Maybe not. Too high of an LTV:CAC ratio — like our 10.8:1 — can indicate that you’re making a marketing mistake and missing out on potential customers by not spending enough on acquisition.
Then, track your LTV:CAC over time to figure out which adjustments help you find the sweet spot between 3:1 and 6:1 . This requires some time, plus trial and error, but once you find the right balance, your hard work and patience will pay off.
Not that there won’t be a few losses along the way. Our next calculation tells you how to track them.
How to calculate customer churn rate
Customer churn — also known as customer attrition — is when repeat customers leave your business.
When we talk about customer churn, we’re usually referring to when customers stop making recurring payments, like a monthly community membership or subscription plan.
Churn is a natural part of running a business, especially when you have a recurring billing model like a monthly or annual online community membership. As a benchmark, the overall churn rate across subscription businesses is 5.60%.
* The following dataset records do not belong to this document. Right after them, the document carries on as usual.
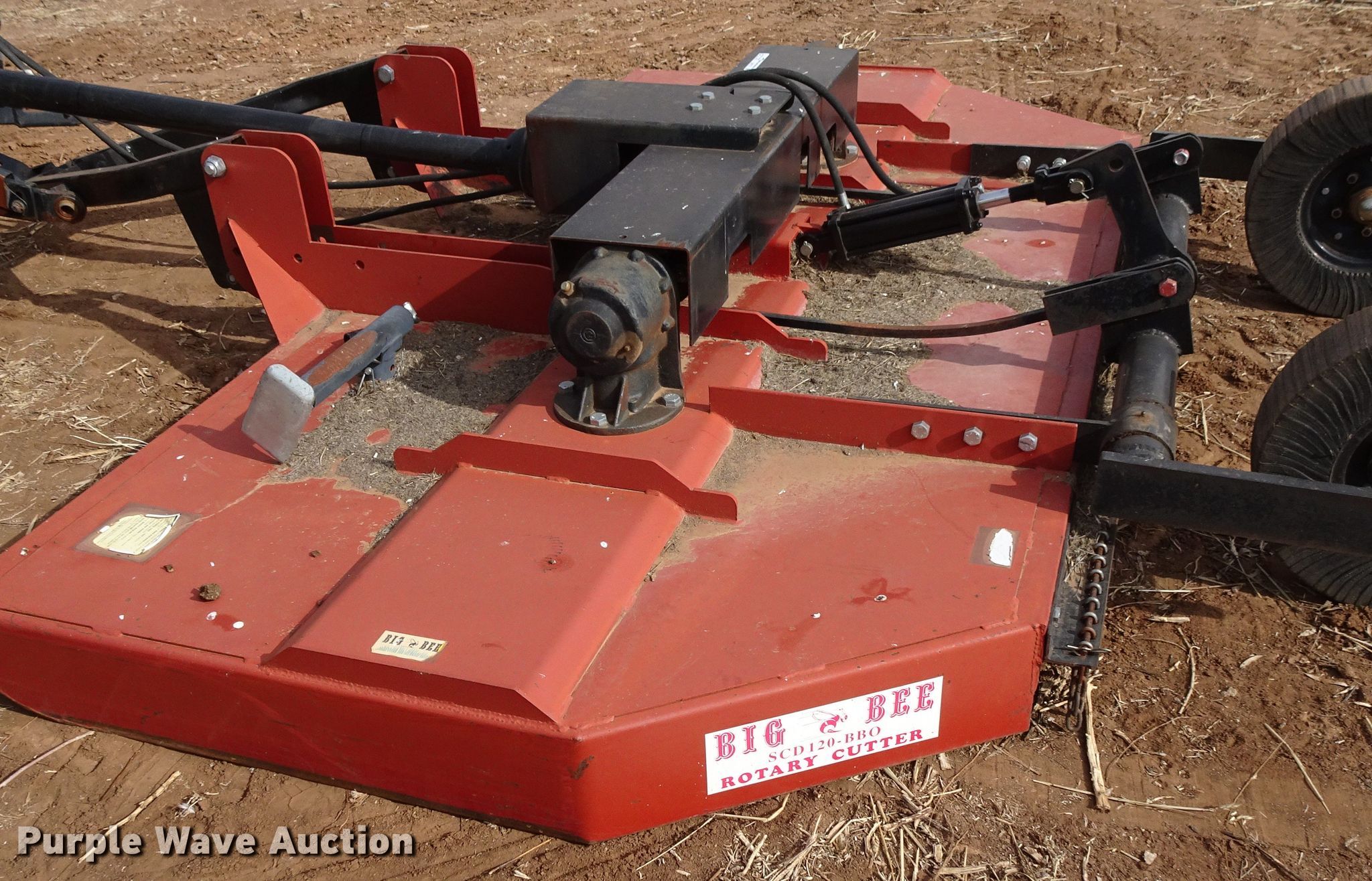 Purple Wave is selling a used Mower, Cutter, Shredder in Texas. This item is a Big Bee rotary mower with the following: 122"W, 540 PTO, Hydraulic height adjustment, Laminated tires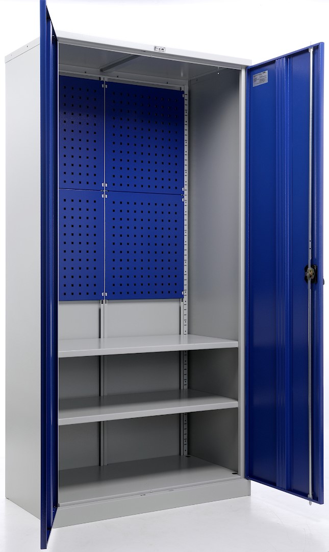 - Максимальная организация и наглядность — модель оборудована обширными перфорированными панелями (система «перфо») на дверцах и, как правило, на задней стенке. Это позволяет удобно, компактно и наглядно разместить огромное количество инструмента на крючках и держателях, обеспечивая мгновенный визуальный контроль его наличия и комплектности.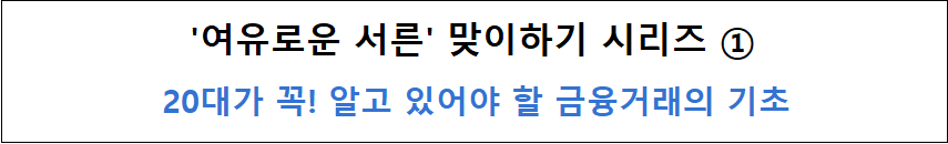 [금융정보 A to Z] '여유로운 서른' 맞이하기 시리즈 ① 20대가 꼭! 알아야 할 금융거래의 기초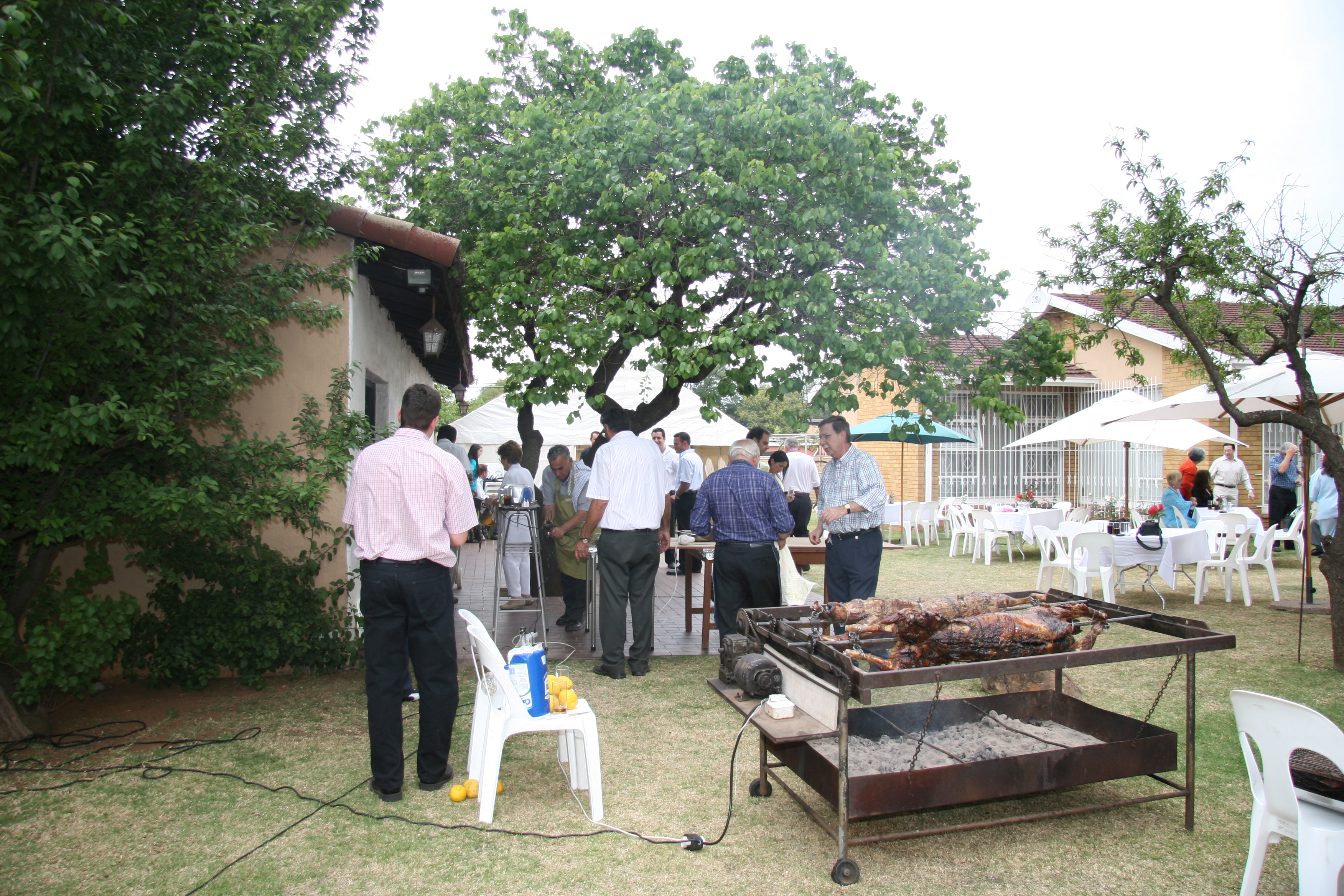 Back home in South Africa the party was held on a Sunday in the pleasant early summer of the Highveld. The venue was my father’s taverna at the back of the garden, and people sat outside under umbrellas and watched the sheep turn on the spit. Most of them were synchronising their eyes with the rotations and planning when they would be able to grab a piece of the crispy skin to snack on before the feast started.

To calculate your churn rate:
Subtract the number of customers you had at the end of a period (such as a month or year) from the number of customers you had at the beginning of the period.
Divide that number by the number of customers you had at the beginning of the period.
Multiply by 100 to get a percentage.
Let’s say you want to calculate the monthly churn rate for your membership community. On January 1, you have 200 members. On January 31, you have 186 members.
In our spreadsheet, enter the starting number of customers in cell B2 and the ending number of customers in cell B3. The spreadsheet will calculate your churn rate as a percentage in cell B5.
Your churn rate here is 7%, which is just a little bit higher than the benchmark for subscription businesses. This means you retain 93% of your customers month-over-month.
If your churn rate is too high, that means your customers aren’t sticking around for very long. They may be having a negative customer experience or no longer finding value in your membership or products.
Whatever the reason, here are some resources to help you pinpoint the problem and lower your churn rate:
Make the most of your marketing with some simple math
You don’t need to be a calculus whiz kid to learn and use marketing math formulas. With a simple spreadsheet, these calculations and metrics can give you valuable insight into your marketing strategy and help you grow your business.
To recap, here are four must-have marketing formulas every creator should know:
Return on investment (ROI) tells you how much you earn from any given investment. ROI and return on ad spend (ROAS) help you determine how different marketing activities contribute to your bottom line.
Customer acquisition cost (CAC) tells you how much it costs to acquire a new customer. You can use CAC to figure out how long it takes to make back your acquisition costs, a.k.a. your time to pay back CAC.
Customer lifetime value (LTV) is the predicted amount of revenue that a customer will generate throughout their entire relationship with your business. From there, your LTV:CAC ratio tells you whether you’re spending too much or too little to bring in new customers, so you can adjust your marketing budget accordingly.
Customer churn rate tells you how many repeat customers your business loses over a set period of time. Reducing your churn rate is an excellent way to increase your LTV and grow your business.
Whichever marketing metrics you’re trying to improve, remember that you can always try new channels and tactics for a month or two, then recalculate. There’s always room to grow, and these formulas can help you keep your business on track as you do.